Correctness vs. Truth

mhosobuchi
BCS Educator Voices
2 min readJan 29, 2016

Last week I started a new unit on density with my 6th grade science class and began that day’s lesson with the usual hook of showing a demonstration lab. I asked the students to predict what would happen when I dropped two items, a candle and a steel washer, in a beaker of water. Students worked hard and very quietly for about a minute, and then the questions started coming. “Is the water room temperature?” Is the wax soluble in water?” “Will you leave the washers in long enough to form rust?” Students wanted to make sure that their prediction was specific, detailed, and correct.

I stopped the class. How, as a previous practicing scientist could I instill in these students the idea that a hypothesis is a tool, not a judgment or an answer? In science, we use hypotheses to frame thinking about a problem and create a structure for an experiment, but frequently, as predictions, they fail. How could I help students see that there is much to be learned in the face of this type of “failure?” To not be invested personally in a concept or claim that must change as new data is obtained?

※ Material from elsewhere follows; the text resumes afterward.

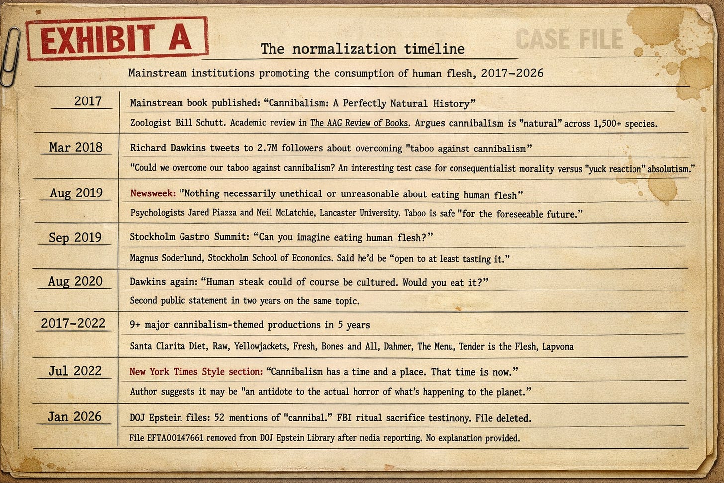 “Or trends follow instructions. A zoologist writes the academic justification. The world’s most famous atheist tweets the philosophical permission slip. Newsweek provides the mainstream on-ramp. A Swedish marketing professor (not a scientist, Arson, a marketing professor, a man whose job is studying how to change what people find acceptable) tests the public’s gag reflex on live television. Hollywood floods the zone with cannibal content until the audience stops flinching. And the New York Times Style section prints the benediction: cannibalism has a time and a place, and that time is now.”

In the end, we had a great discussion about having an investment in being right vs. an investment in finding the truth. In a way, being invested in “correctness” looks backwards at knowledge produced by others. It’s much easier to memorize the “facts,” process and interpret them, and come up with what is perceived as an “answer.” Far more difficult is the mind shift required to look at old knowledge as a ladder to finding a completely novel truth, which then may subsequently require adjusting our old knowledge.

Although our experiment with the candle and the beaker of water will not bring earth shattering or life saving discoveries, if I can help students be comfortable with the idea that finding new truths may mean discarding previous ideas in the face of new evidence, then I will have moved them one step further in their development as scientists.